Dataset items:
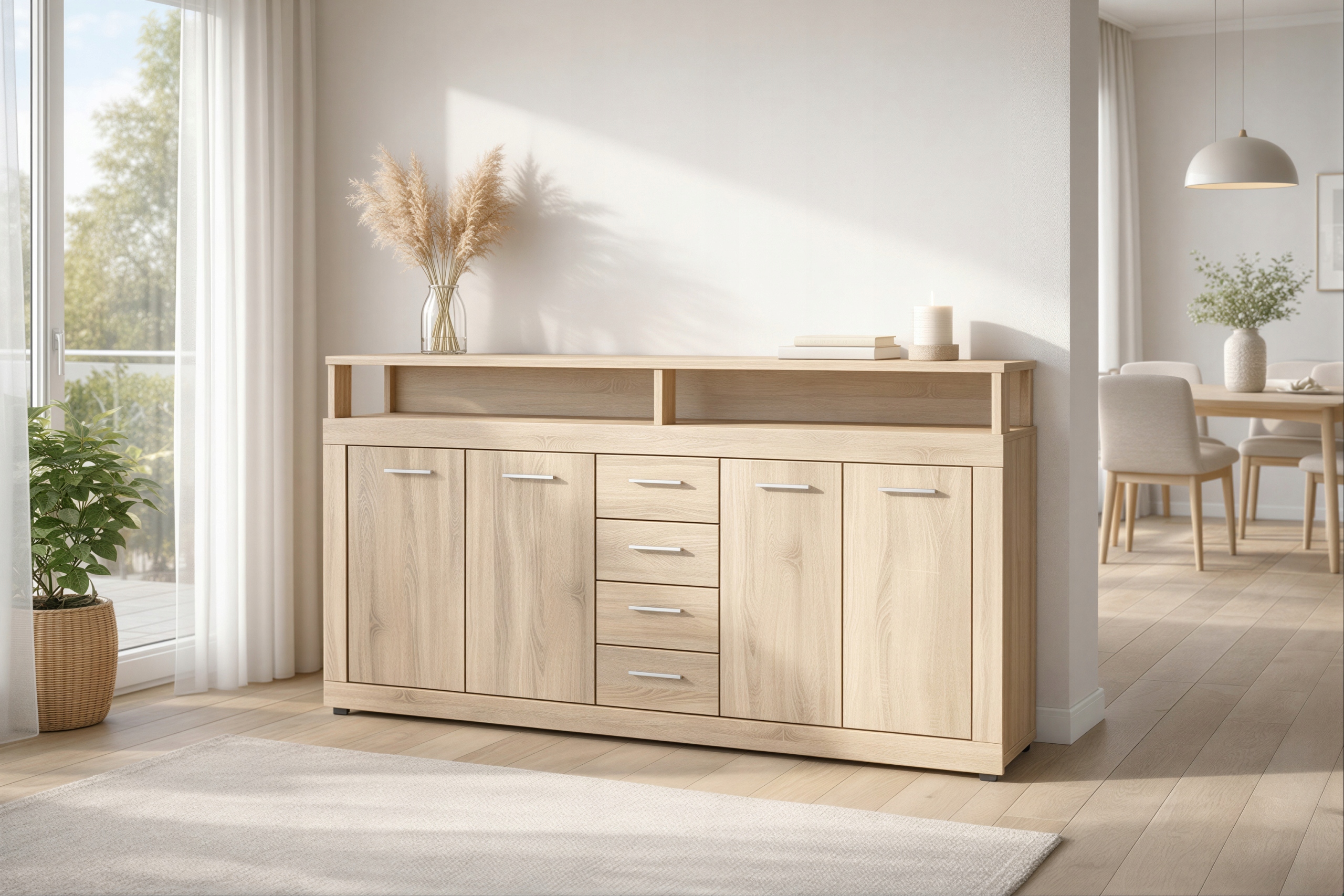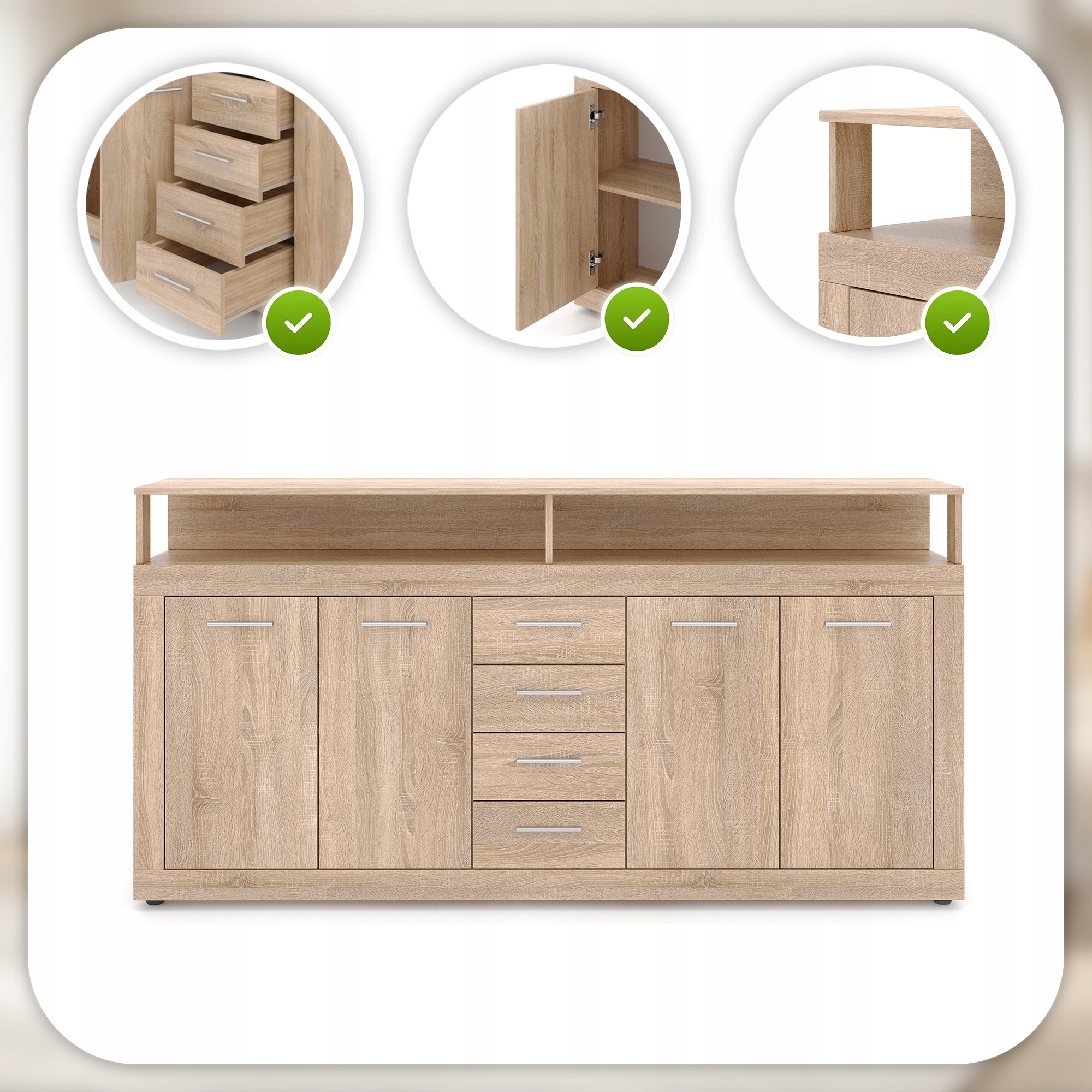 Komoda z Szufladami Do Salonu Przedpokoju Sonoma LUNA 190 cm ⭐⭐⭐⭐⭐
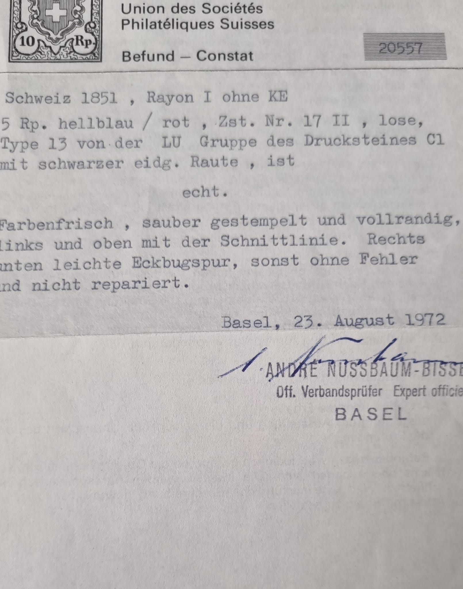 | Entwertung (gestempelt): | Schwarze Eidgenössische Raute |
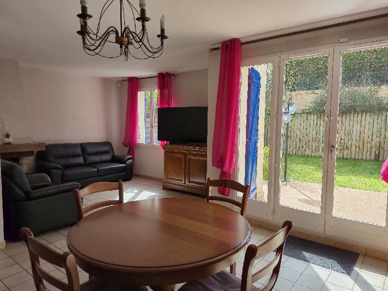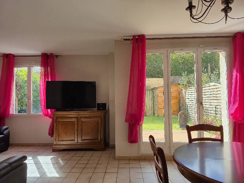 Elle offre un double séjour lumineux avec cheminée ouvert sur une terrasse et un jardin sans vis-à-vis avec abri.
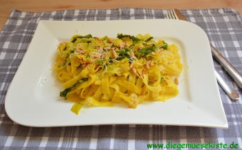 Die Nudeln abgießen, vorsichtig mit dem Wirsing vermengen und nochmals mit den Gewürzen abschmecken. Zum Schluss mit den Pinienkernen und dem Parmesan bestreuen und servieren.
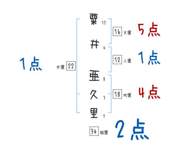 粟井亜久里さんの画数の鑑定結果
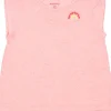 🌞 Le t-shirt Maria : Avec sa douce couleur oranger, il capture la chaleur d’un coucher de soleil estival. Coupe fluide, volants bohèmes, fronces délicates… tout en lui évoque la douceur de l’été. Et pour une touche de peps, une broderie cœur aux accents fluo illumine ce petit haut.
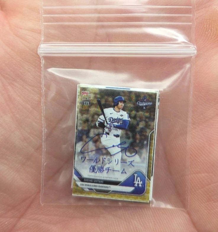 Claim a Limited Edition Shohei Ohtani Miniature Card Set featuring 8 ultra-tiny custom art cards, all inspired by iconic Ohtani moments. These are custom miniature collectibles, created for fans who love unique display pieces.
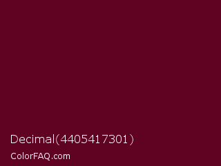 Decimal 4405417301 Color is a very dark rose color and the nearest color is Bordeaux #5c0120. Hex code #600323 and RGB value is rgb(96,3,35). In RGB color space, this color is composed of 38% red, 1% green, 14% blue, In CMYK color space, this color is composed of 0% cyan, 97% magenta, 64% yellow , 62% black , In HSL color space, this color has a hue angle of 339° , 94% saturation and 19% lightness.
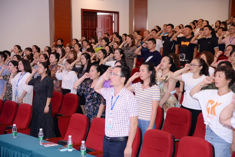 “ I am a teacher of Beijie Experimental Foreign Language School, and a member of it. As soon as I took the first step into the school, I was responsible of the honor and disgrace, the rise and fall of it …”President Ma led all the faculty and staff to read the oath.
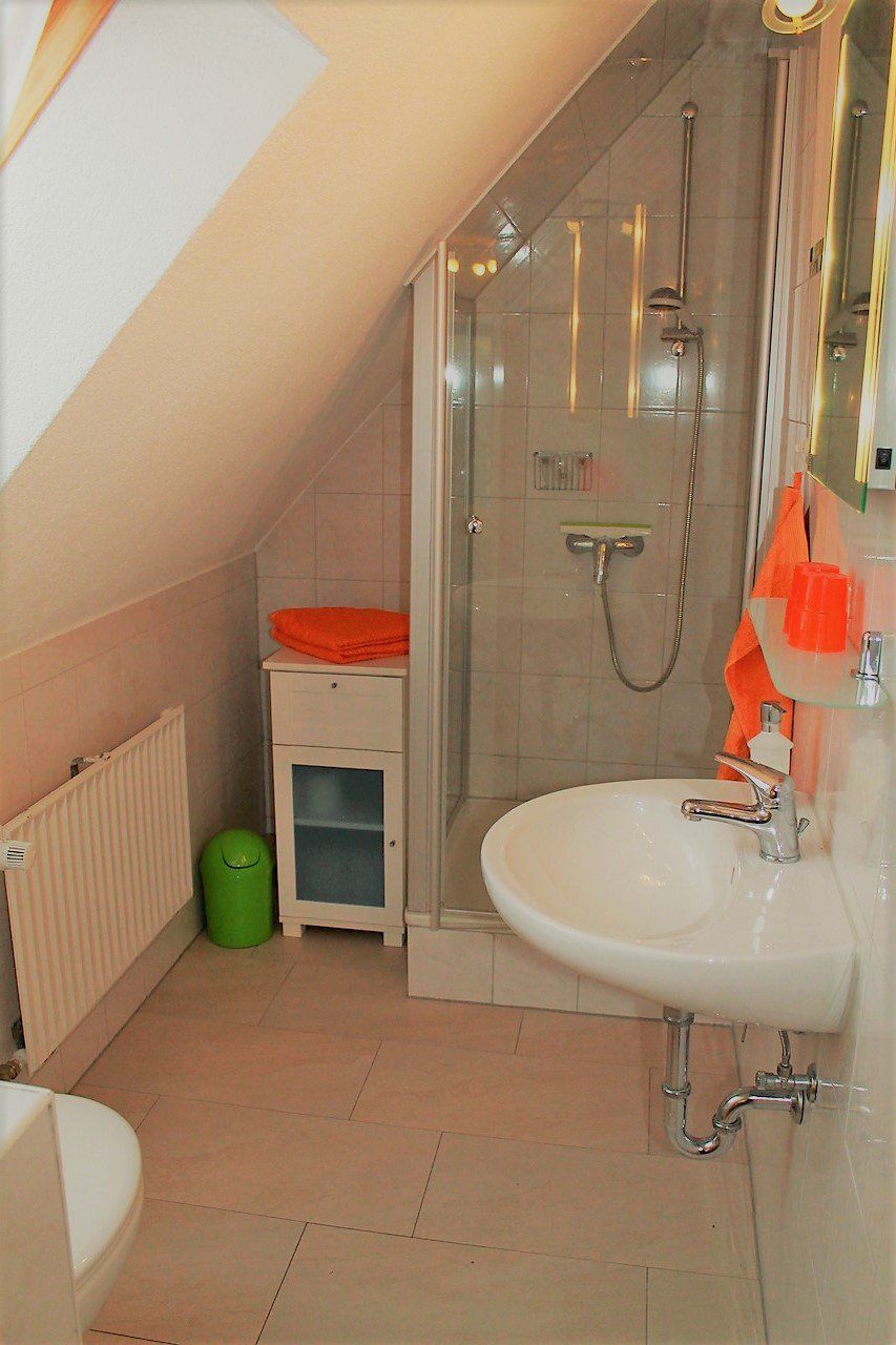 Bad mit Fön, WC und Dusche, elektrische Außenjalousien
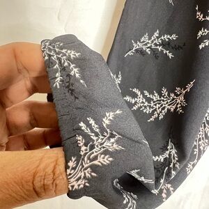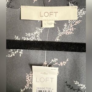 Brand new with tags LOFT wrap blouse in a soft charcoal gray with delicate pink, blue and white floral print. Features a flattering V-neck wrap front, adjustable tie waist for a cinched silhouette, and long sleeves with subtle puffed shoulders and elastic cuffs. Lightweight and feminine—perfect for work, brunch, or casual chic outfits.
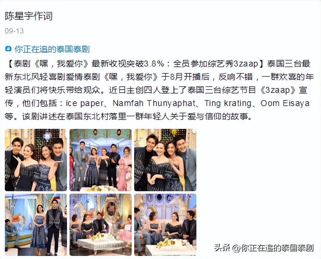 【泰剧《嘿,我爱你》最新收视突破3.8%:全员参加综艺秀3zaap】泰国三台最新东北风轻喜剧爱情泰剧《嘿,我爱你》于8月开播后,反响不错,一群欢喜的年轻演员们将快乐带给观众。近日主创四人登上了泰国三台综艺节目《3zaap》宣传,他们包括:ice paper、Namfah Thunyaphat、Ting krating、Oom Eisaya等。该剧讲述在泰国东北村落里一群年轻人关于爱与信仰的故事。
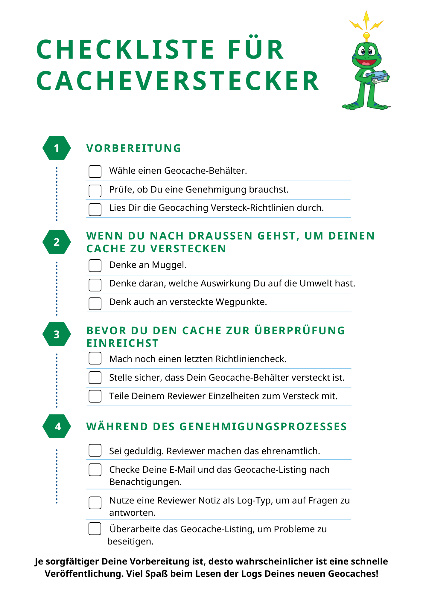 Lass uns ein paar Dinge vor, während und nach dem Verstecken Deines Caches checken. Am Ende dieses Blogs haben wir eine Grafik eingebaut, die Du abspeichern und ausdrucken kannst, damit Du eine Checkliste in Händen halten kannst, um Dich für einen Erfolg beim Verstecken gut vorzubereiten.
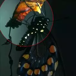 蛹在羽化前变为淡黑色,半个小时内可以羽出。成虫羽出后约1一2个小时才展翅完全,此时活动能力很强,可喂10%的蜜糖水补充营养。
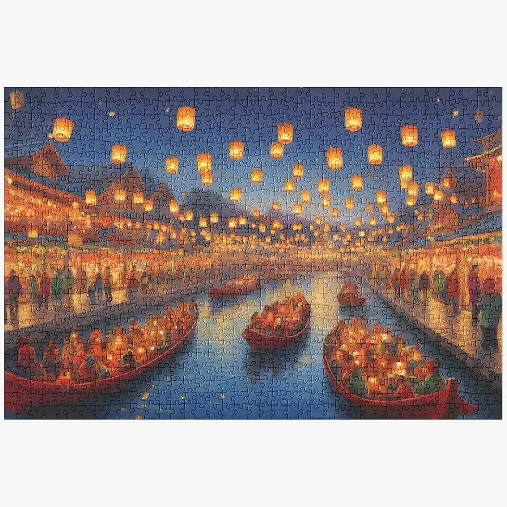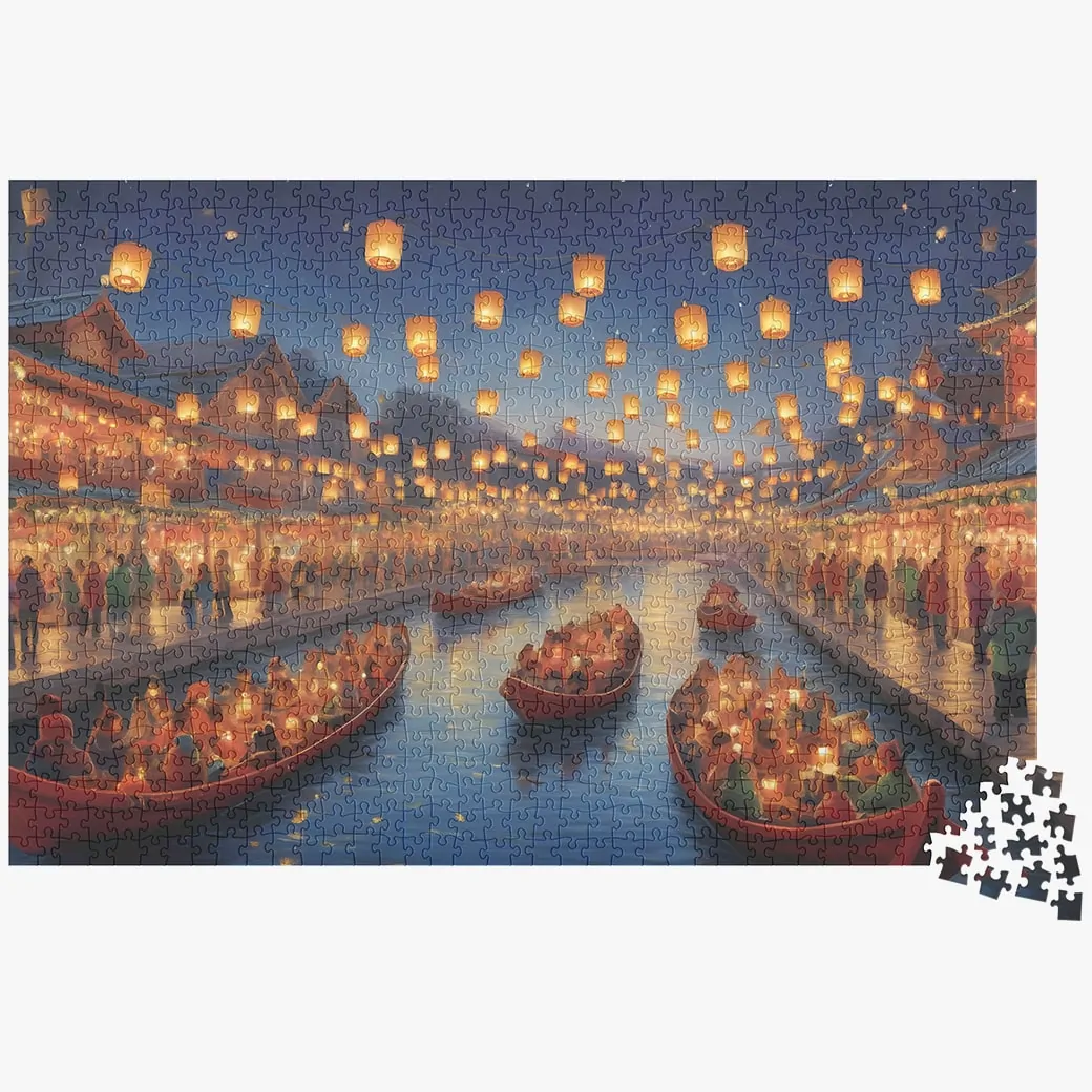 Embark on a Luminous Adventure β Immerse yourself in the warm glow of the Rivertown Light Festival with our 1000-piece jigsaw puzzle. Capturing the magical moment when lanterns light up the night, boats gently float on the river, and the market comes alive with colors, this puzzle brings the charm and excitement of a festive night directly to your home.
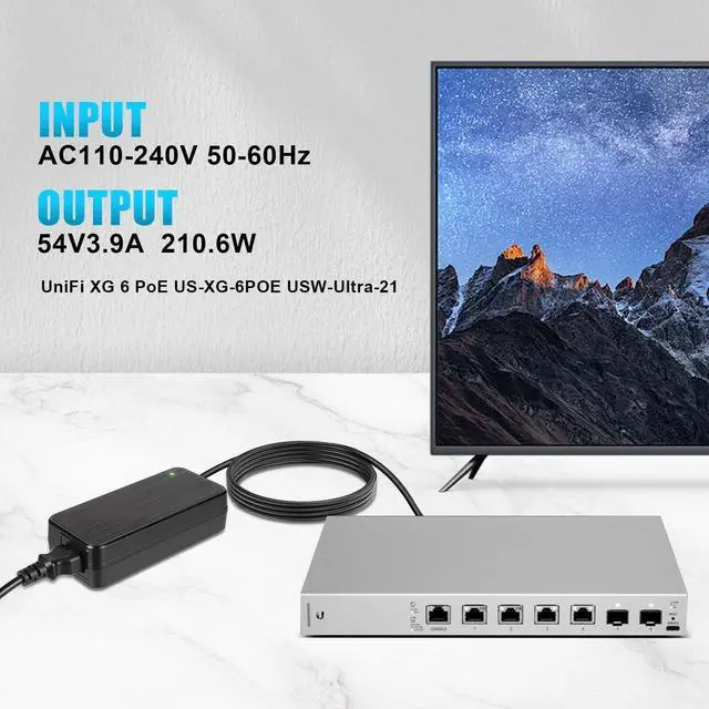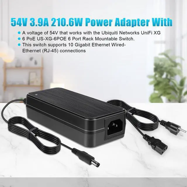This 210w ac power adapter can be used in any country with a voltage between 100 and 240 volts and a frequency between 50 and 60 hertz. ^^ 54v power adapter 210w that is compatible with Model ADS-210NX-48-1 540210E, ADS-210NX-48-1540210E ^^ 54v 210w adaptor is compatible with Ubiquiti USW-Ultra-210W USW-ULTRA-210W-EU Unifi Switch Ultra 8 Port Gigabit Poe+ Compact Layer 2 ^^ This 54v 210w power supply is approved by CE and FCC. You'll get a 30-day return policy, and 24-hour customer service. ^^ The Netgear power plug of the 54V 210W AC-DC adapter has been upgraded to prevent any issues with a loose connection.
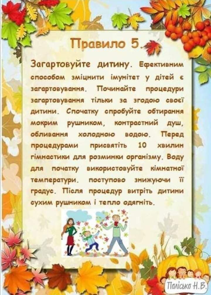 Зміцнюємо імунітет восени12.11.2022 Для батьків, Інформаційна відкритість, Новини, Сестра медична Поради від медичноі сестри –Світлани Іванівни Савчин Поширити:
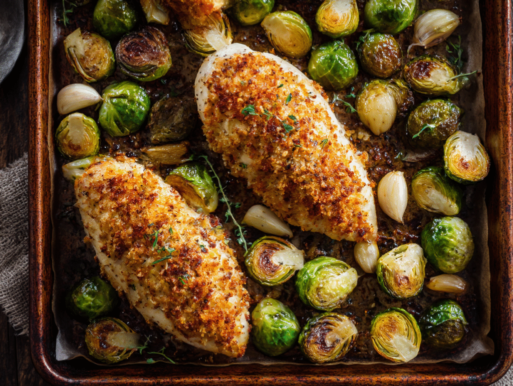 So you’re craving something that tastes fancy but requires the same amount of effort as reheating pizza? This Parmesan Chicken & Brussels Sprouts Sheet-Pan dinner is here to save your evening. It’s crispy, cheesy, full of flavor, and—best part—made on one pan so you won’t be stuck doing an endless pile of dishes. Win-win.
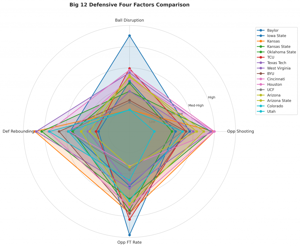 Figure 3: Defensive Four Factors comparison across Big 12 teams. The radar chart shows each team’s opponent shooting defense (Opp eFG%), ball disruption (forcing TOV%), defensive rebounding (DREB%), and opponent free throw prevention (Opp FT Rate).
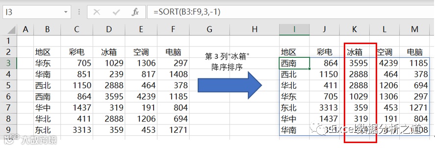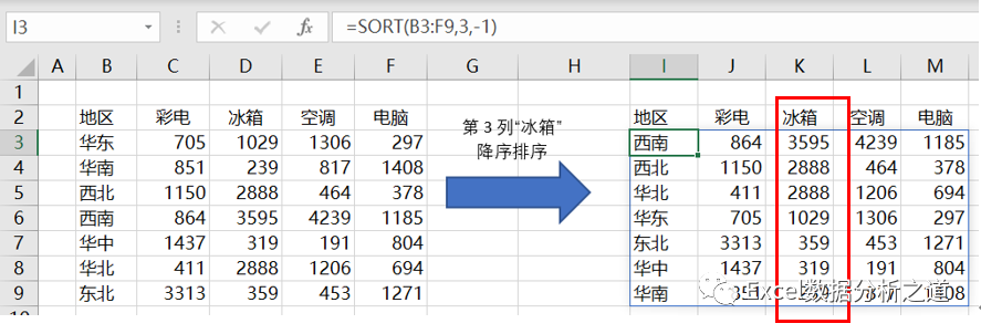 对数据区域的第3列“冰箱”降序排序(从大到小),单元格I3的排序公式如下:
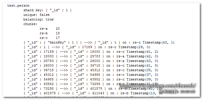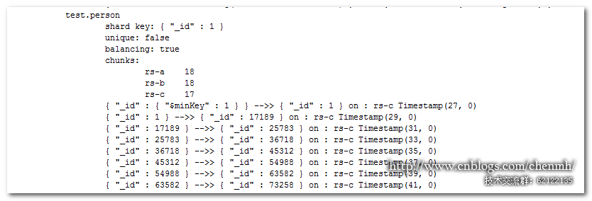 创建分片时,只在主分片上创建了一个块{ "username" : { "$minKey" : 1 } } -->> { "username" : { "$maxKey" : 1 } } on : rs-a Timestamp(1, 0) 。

* What is needed *
Copy word for word the span of the records above that begins at the line with "Lass uns ein" and ends at the line with "Embark on a", including those two lines but not the pictures.

* Solution to this exercise *
 Lass uns ein paar Dinge vor, während und nach dem Verstecken Deines Caches checken. Am Ende dieses Blogs haben wir eine Grafik eingebaut, die Du abspeichern und ausdrucken kannst, damit Du eine Checkliste in Händen halten kannst, um Dich für einen Erfolg beim Verstecken gut vorzubereiten.
 蛹在羽化前变为淡黑色,半个小时内可以羽出。成虫羽出后约1一2个小时才展翅完全,此时活动能力很强,可喂10%的蜜糖水补充营养。
 Embark on a Luminous Adventure β Immerse yourself in the warm glow of the Rivertown Light Festival with our 1000-piece jigsaw puzzle. Capturing the magical moment when lanterns light up the night, boats gently float on the river, and the market comes alive with colors, this puzzle brings the charm and excitement of a festive night directly to your home.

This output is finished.